1.Gece tırnak kesilmez.
Gece tırnak kesilmez düşüncesine inanarak, kişi gece saatlerinde tırnaklarını kesmeyi uygun görmüyor. Bu batıl inanışın temelinde yatan neden elektriğin olmadığı zaman tırnağın nereye sıçrayacağı belli olmayacağından dolayı bu şekilde bir şey ortaya atılmıştır.
2. Gece sakız çiğnenmez.
Akşam sakız çiğnenmeyeceği inancı, ölü eti çiğnendiği inancına dayalıdır. Sakız çiğneyen biri görülünce ölü eti çiğniyorsun denir.
3. Ayna kırılması 7 yıl uğıursuzluk getirir.
Ayna kırılmasının uğursuzluk getireceğine olan inanış çok eskilere dayanıyordu. Göllerde veya su birikintilerinde, kendi aksini gören ilkel insan şaşırmış, bunun kendisinin ruhu olduğunu sanmış, suyu bulandırıp görüntüsünün kaybolmasına neden olanları da düşman bilmiştir. Aynanın kırılması dini anlamda kişinin ruhunun ölmesi demektir. Ayrıca insan ruhu aynanın kırılmasından 7 sene sonra yeniden gelebiliyordu. Romalılar hayatın her yedi senede bir kendini yenilediğine inanıyorlardı. Camın kırılması sonucu ruh ve dolayısıyla insanın sağlığı tahrip olduğundan, vücudun kendini yenileyerek, sağlığına kavuşması için yedi yıl geçmesi gerekiyordu.
4. Kara kedi görmek uğursuzluk getirir.
Eski Mısır’da kara kediler bugünkü inancın aksine kutsal bir canlı olarak görülmekteydi. Hatta dişi siyah kediler tanrıça olarak kabul edilirdi. Hristiyanlığın yayılmaya başladığı dönemde insanların kara kedilere bakış açısı değişmeye başladı. Kara kedilerin bağımsız, bildiğini yapan, inatçı ve sinsi karakteri, ve Avrupa’da sayılarının da aşırı artması ile kara kedilere kötü anlamlar yüklenmeye başlandı. Siyah kedilerin geceleri şeytana dönüştüklerine dair korku dolu halk hikâyeleri yazıldı.
5. Kulağı çekip tahtaya vurma.
Kötü olaylar neticesinde ortaya çıkan, uğursuzluk getireceği düşünülen veya rahatsizlik duyulan durumlarda rahatlamak adına yapılan tahtaya vurma eylemi, Tanrı ile temas kurulduğu ve ondan kendilerini korumasını istediği inancına dayanıyordu. Çok eski zamanlarda meşe ağacının, yüksekliği ve sağlamlığı nedeniyle, bazı güçlere sahip olduğuna inanılıyordu ve bu yüzden cam veya başka bir şey değil de tahtaya vuruyoruz.
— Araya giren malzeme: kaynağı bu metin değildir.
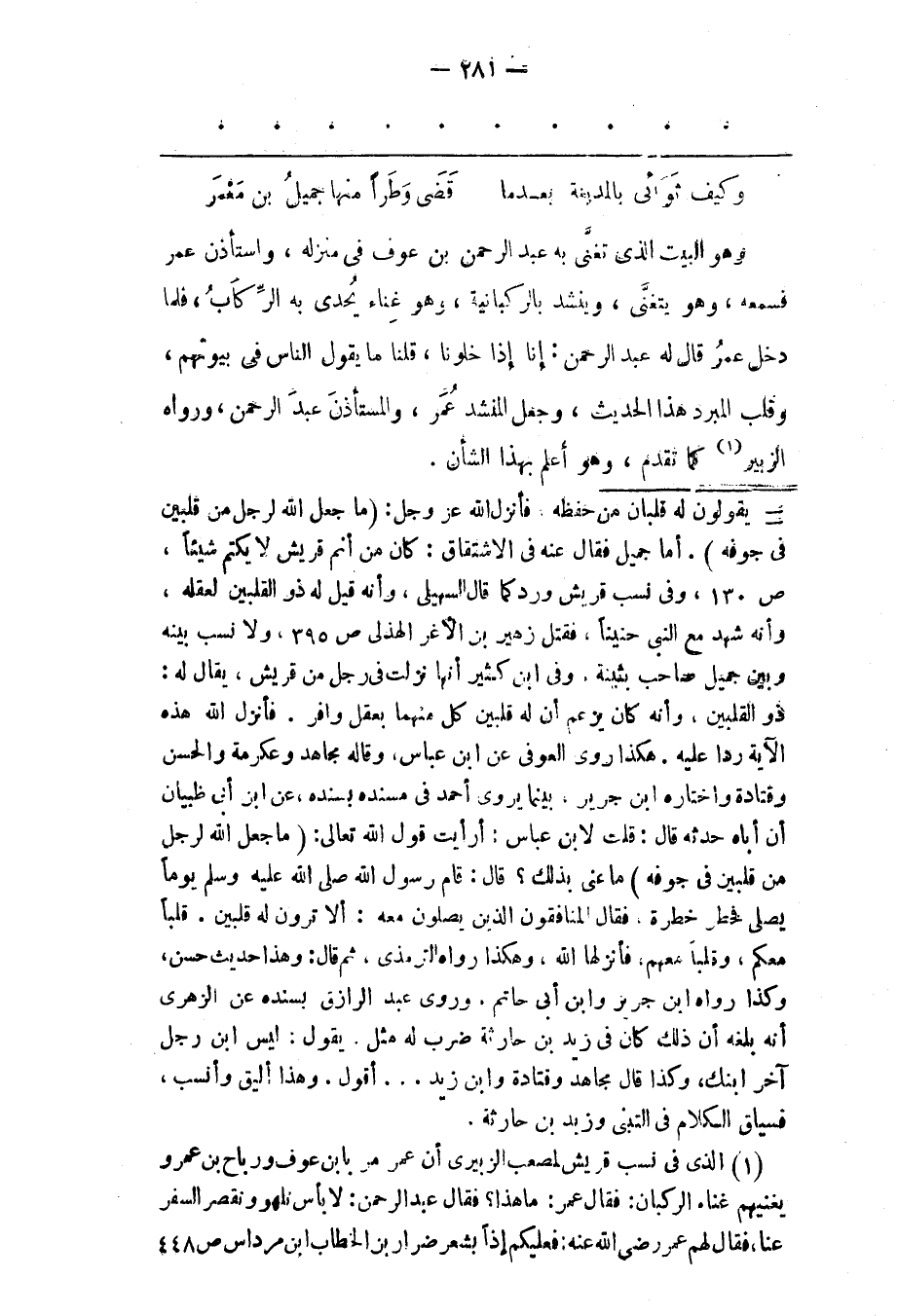 وَهُوَ الْبَيْتُ الّذِي تَغَنّى بِهِ عَبْدُ الرّحْمَنِ بْنُ عَوْفٍ فِي مَنْزِلِهِ، وَاسْتَأْذَنَ عُمَرَ فَسَمِعَهُ، وَهُوَ يَتَغَنّى، وَيُنْشِدُ بالركبانية، وَهُوَ غِنَاءٌ يُحْدَى بِهِ الرّكّابُ، فَلَمّا دَخَلَ عُمَرُ قَالَ لَهُ عَبْدُ الرّحْمَنِ: إنّا إذَا خَلَوْنَا، قُلْنَا مَا يَقُولُ النّاسُ فِي بُيُوتِهِمْ، وَقَلَبَ الْمُبَرّدُ هَذَا الْحَدِيثَ، وَجَعَلَ الْمُنْشِدُ عُمَرَ، وَالْمُسْتَأْذَنَ عَبْدَ الرّحْمَنِ، وَرَوَاهُ الزّبَيْرُ «1» كَمَا تَقَدّمَ، وَهُوَ أَعْلَمُ بِهَذَا الشّأْنِ.

6. 13 sayısının uğursuzluğu.
13 sayısının uğursuzluğu mitolojik kökenli bir nedene dayalıdır. Işık ve güzellik tanrısı Balder’in verdiği ziyafete 12 kişi davetli iken, yalanların ve hilelerin tanrısı Loki, davetli olmadığı halde, zorla 13. kişi olarak katılmak ister. Çıkan tartışmada Loki Balder’i öldürür. Avrupa’nın güneyine kadar yayılan bu mit, Hıristiyan din adamları tarafından Hz. İsa’nın son yemeğine uyarlanır. Bu uyarlamada Balder’in yerini Hz. İsa, Loki’nin yerini de Judas alır. Bu yemekten 24 saat sonra Hz. İsa çarmıha gerilerek öldürüldüğü için Hıristiyanlarda akşam yemeğinde 13 kişi bir araya gelirse bunlardan birinin başına bir felaket geleceğine inanılır. Bu sayının uğursuzluğuna inanan kişiler 13 numaralı uçak koltuklarından, otel odalarından kaçınırlar.
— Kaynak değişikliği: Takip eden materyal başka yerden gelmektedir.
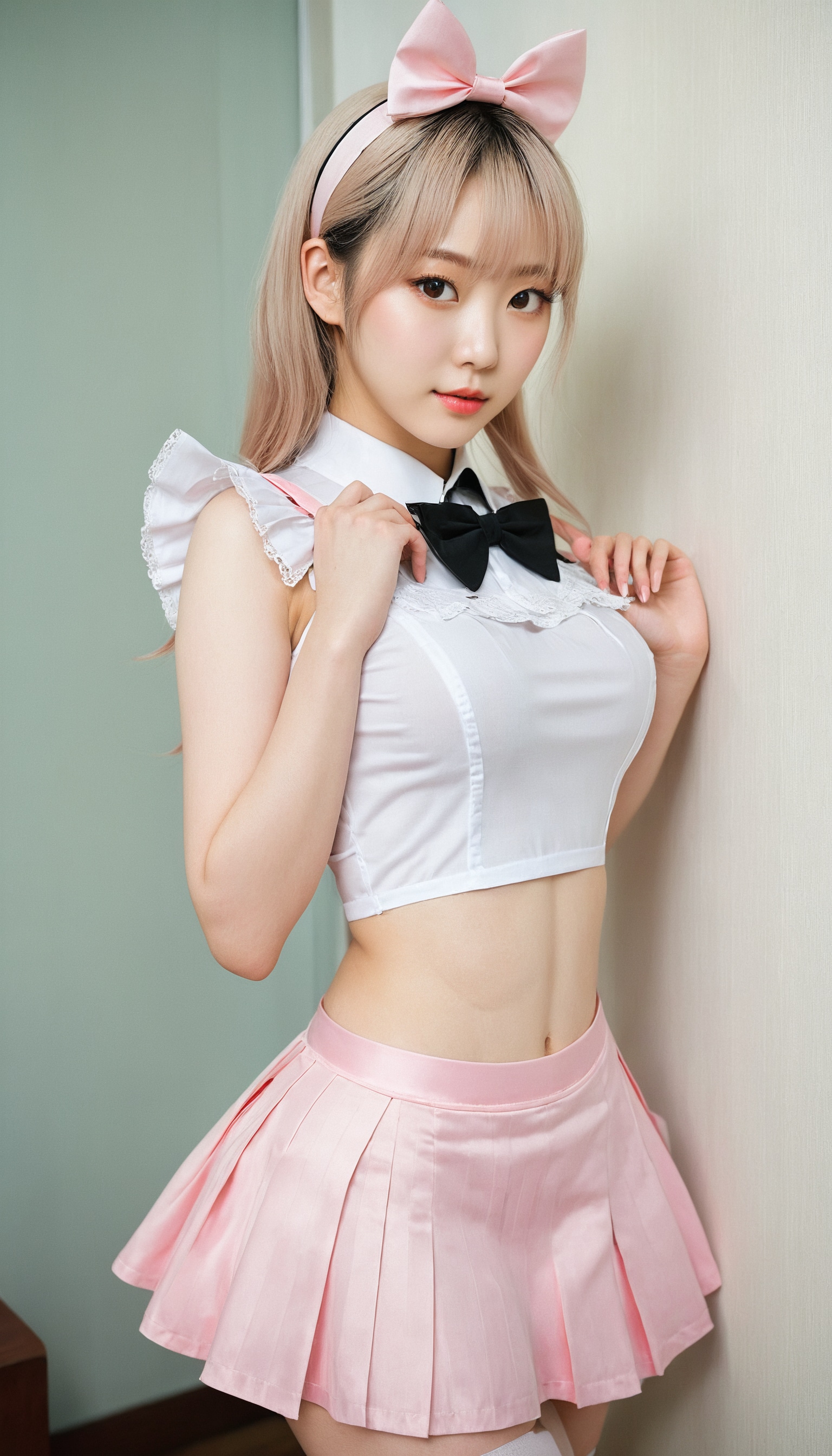 {"3": {"inputs": {"seed": 492376548849800, "steps": 32, "cfg": 6.24, "sampler_name": "dpmpp_2m", "scheduler": "karras", "denoise": 1.0, "model": ["27", 0], "positive": ["6", 0], "negative": ["7", 0], "latent_image": ["5", 0]}, "class_type": "KSampler"}, "4": {"inputs": {"ckpt_name": "juggernautxl.safetensors"}, "class_type": "CheckpointLoaderSimple"}, "5": {"inputs": {"width": 768, "height": 1344, "batch_size": 1}, "class_type": "EmptyLatentImage"}, "6": {"inputs": {"text": "18 year old girl, (irish:1.09), (korean:1.08), (sexy lips:0.96), (cute:1.05), (slim:1.09), (temptress:1.09), (blush:1.14), (seductive pose:0.97), (pale skin:1.11), (double eyelids:0.96), (idol:1.00), (beautiful eyes:1.12), (detailed face:1.13), (perky ass:0.97), (exposed ass:1.11), (looking back:1.14), (sexy ass:1.10), (thigh gap:0.98), in a (skimpy maid costume:1.04) working at a maid cafe, choker, bowtie, headband, pleated skirt, (detailed skin:1.02), (portra:1.08), (natural looking skin:1.08), (film:1.09), (textured skin:1.01), (RAW:1.09), (soft lighting:1.06), (candid cinema:1.02), (skin fuzz:1.00)", "clip": ["27", 1]}, "class_type": "CLIPTextEncode"}, "7": {"inputs": {"text": "(distorted:1.06), (watermark:1.12), (worst quality:1.09), (twisted:1.09), (low resolution:1.10), (open mouth:1.11), (bad hands:1.06)", "clip": ["27", 1]}, "class_type": "CLIPTextEncode"}, "8": {"inputs": {"samples": ["3", 0], "vae": ["4", 2]}, "class_type": "VAEDecode"}, "25": {"inputs": {"lora_name": "nudify_xl.safetensors", "strength_model": 0.21, "strength_clip": 0.13, "model": ["4", 0], "clip": ["4", 1]}, "class_type": "LoraLoader"}, "26": {"inputs": {"lora_name": "shirtlift_SDXL_v2.safetensors", "strength_model": 0.18, "strength_clip": 0.01, "model": ["25", 0], "clip": ["25", 1]}, "class_type": "LoraLoader"}, "27": {"inputs": {"lora_name": "PerfectEyesXL.safetensors", "strength_model": 0.02, "strength_clip": 0.0, "model": ["26", 0], "clip": ["26", 1]}, "class_type": "LoraLoader"}, "30": {"inputs": {"model_name": "4x_NMKD-Superscale-SP_178000_G.pth"}, "class_type": "UpscaleModelLoader"}, "31": {"inputs": {"upscale_model": ["30", 0], "image": ["8", 0]}, "class_type": "ImageUpscaleWithModel"}, "32": {"inputs": {"upscale_method": "lanczos", "scale_by": 0.5, "image": ["31", 0]}, "class_type": "ImageScaleBy"}, "33": {"inputs": {"pixels": ["32", 0], "vae": ["4", 2]}, "class_type": "VAEEncode"}, "34": {"inputs": {"seed": 492376548849800, "steps": 32, "cfg": 6.24, "sampler_name": "dpmpp_2m", "scheduler": "karras", "denoise": 0.3, "model": ["27", 0], "positive": ["6", 0], "negative": ["7", 0], "latent_image": ["33", 0]}, "class_type": "KSampler"}, "36": {"inputs": {"samples": ["34", 0], "vae": ["4", 2]}, "class_type": "VAEDecode"}, "39": {"inputs": {"filename_prefix": "comfyapi-1731349439745", "images": ["36", 0]}, "class_type": "SaveImage"}}

7. Kafaya veya arabaya kuş pislemesi.
Eğer kafanıza kuş pislerse bu şansa yorulur ve hemen bir piyango bileti almak heveslenilir. Aynı şekilde Rusya’da da eve ya da arabaya kuş pislemesi şans olarak görülüyor.
8. Avuç içi kaşınması.
Sağ avucun kaşınmasının para geleceğine, sol avucun kaşınması ise harcanacağına işaret olduğu söylenir. Bu zihniyetin ortaya çıkışı “sol el kötüdür”, “sol el şeytan işidir” zihniyetinden doğduğu da söylenir.
9. Yıldız kayarken dilek tutmak.
Bu geleneğin kaynağı 1. yüzyıla dayanır. Batlamyus’a göre yıldız kayması demek bir tanrının dünyaya bakması anlamına geliyordu. Bu yüzden insanlar tanrının onlara baktığı bir anda dilek tuttukları zaman gerçek olma ihtimalinin daha fazla olduğuna inanıyorlardı.
10. Dört yapraklı yoncanın şans getirmesi.
Cennet Bahçesi’ndeki Havva, bulduğu dört yapraklı bir yoncayı şans getirmesi için hep yanında taşırdı. Keltik mitolojisine göre de, dört yapraklı yonca kötü ruhları kovmak için tılsım olarak kullanılırdı.
11. Geceleri ıslık çalınmaz.
Geceleri ıslık çalınması özellikle mezardan geçerken ıslık çalınması şeytanı çağırdığını ve kötü şans getirdiğine inanılır. Eski dönemlerde ıslık çalmak gürültülü bir eylem olduğu için toplum içerisinde kişi dikkat çekmemesi adına ıslık çalınca şeytanın çağrıldığı gibi bir inanış uydurulduğu da söz konusudur.
12. Evlilik yüzüğünü sol ele takmak.
Evlilik yüzüğünün sol ele takılması kuralı modern tıptan önce kabul edilmiş bir gelenektir. Yanlış bir anatomi bilgisine göre dolaşım sistemimizdeki ana damar sol elimizdeki bu parmaktan başlıyordu ve kalben bağlılığı simgeliyordu. Bağlılığı ve sevgiyi temsil eden bir inanca sahiptir.
13. Bıçak gibi keskin aletleri elden vermemek.
İlgili hadis der ki; “sizden biriniz silahını çıkarıp din kardeşine işaret etmesin. çünkü o bilmez, belki şeytan silahı elinden çıkarır da, bu yüzden cehennemin bir çukuruna yuvarlanır”. Bu nedenle bıçak, makas gibi silah vazifesi görebilecek eşyaların doğrudan verilmesi uğursuzluk olarak görülüyor. Büyüklerimizin olası kazaları önlemek adına yaptığı bir uydurma olduğu da söyleniyor.
14. Gelini kapı eşiğine kadar taşımak.
Batı kültüründe gelinin yeni evine yürüyerek girmesi uğursuzluk olarak kabul ediliyordu. Bu yüzden damat kapının eşiğine kadar gelini taşımak zorunda kalıyor.